# How long does it take to hear back on a reservation?



## Thrumcap (Nov 2, 2006)

My dealer submitted a reservation a week ago. My car is in production and scheduled to be completed on 3/29. How long can I expect to wait before I hear from PCD? I have requested a Friday delivery and wanted to make sure it was received ASAP to have the best chance of making it happen.


----------



## GeorgeT (Jun 22, 2007)

I don't believe that the delivery is scheduled until the car either hits the water or the port of entry - but I may be wrong.


----------



## Thrumcap (Nov 2, 2006)

I was told by dealer that I should have heard something by now- at least an acknowledgement of the reservation request. I think a tentative date is set up but it is not firmed up until vehicle is in port?


----------



## I-Won-Today (Feb 21, 2007)

Hi Thrumcap,

I'm assuming your vehicle is a 2011 model year :dunno: If that is the case, your Client Advisor (salesperson) would have received an email from our scheduling department acknowledging receipt of your reservation and stating the following...

*"Thank you for submitting your recent Performance Center Delivery reservation for Mr. Smith. Unfortunately, this production number (1234567) is a new production model year and we cannot offer a delivery date at this time. Please inform your customer that we will contact you with a delivery date once the vehicle is produced, the EPA and CARB approvals have been received and an ETA has been assigned. We will do everything we can to deliver the vehicle at the earliest possible date and give your client the experience that he/she is looking forward to."*

If your CA didn't get this email, then he/she hasn't submitted your reservation. Not sure why they wouldn't relay this information to you :dunno: All the correspondance for scheduling will take place through your CA and you won't receive any emails from us until a confirmed delivery date has been established with you.

Until BMW receives the EPA and CARB approvals for the new model year vehicles, we have no clue as to when the vehicles will be available (and therefore can't schedule them).

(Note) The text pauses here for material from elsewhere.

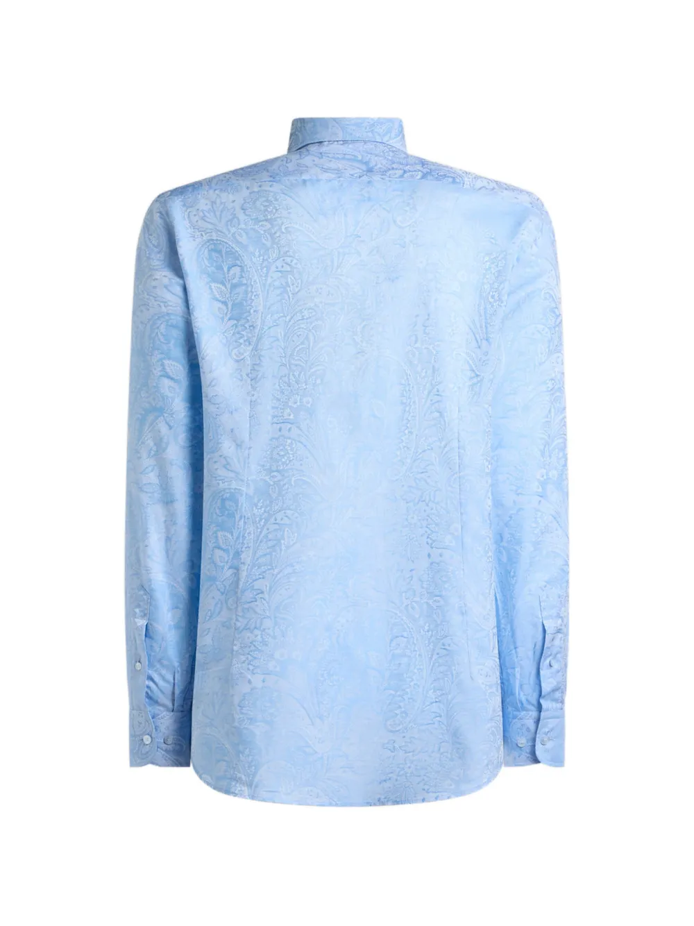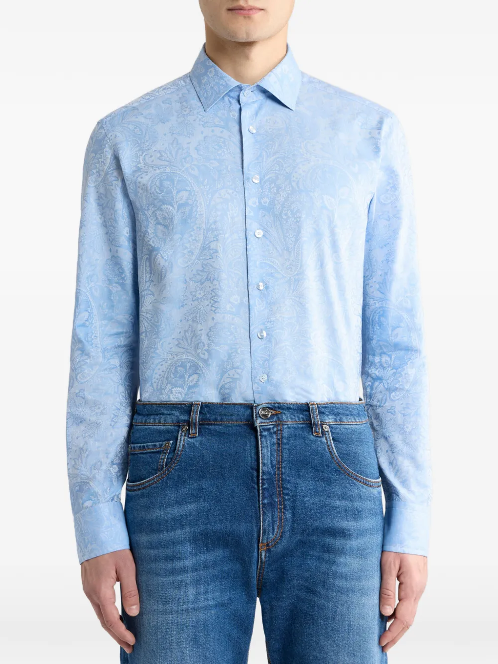 Светло-голубая рубашка из хлопка с принтом "пейсли" и лиственным мотивом, застежкой на пуговицы и длинными рукавами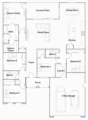 NEW CONSTRUCTION! This new single-level home is ready for modern lifestyles featuring 5 bedrooms. An inviting open-concept floorplan maximizes interior space and features convenient access to a covered patio for effortless entertaining and multitasking. Two bedrooms are situated off the main living area with access to a full bathroom, and two additional bedrooms with a full bathroom are tucked away to the side of the home, including the luxurious owner’s suite with a full bathroom and walk-in closet.

Once those are received, they will email your CA the first available date we can deliver your vehicle. If that date won't work, alternate dates can be chosen within the 10 business days that follow.

I hope this helps clarify and answer your question. Please let me know if you need anything else.


----------



## Thrumcap (Nov 2, 2006)

Yes- a 2011 M3. I will follow up with SA. Thanks for the information :thumbup:


----------



## I-Won-Today (Feb 21, 2007)

Thrumcap said:


> Yes- a 2011 M3. I will follow up with SA. Thanks for the information :thumbup:


You're more than welcome :thumbup: Look forward to meeting you soon!


----------



## barbja (Jul 20, 2003)

I-Won-Today said:


> If your CA didn't get this email, then he/she hasn't submitted your reservation. Not sure why they wouldn't relay this information to you. All the corespondance for scheduling will take place through your CA and you won't receive any emails from us until a confirmed delivery date has been established with you.
> 
> Until BMW receives the EPA and CARB approvals for the new model year vehicles, we have no clue as to when the vehicles will be available (and therefore can't schedule them). Once those are received, they will email your CA the first available date we can deliver your vehicle. If that date won't work, alternate dates can be chosen within the 10 business days that follow.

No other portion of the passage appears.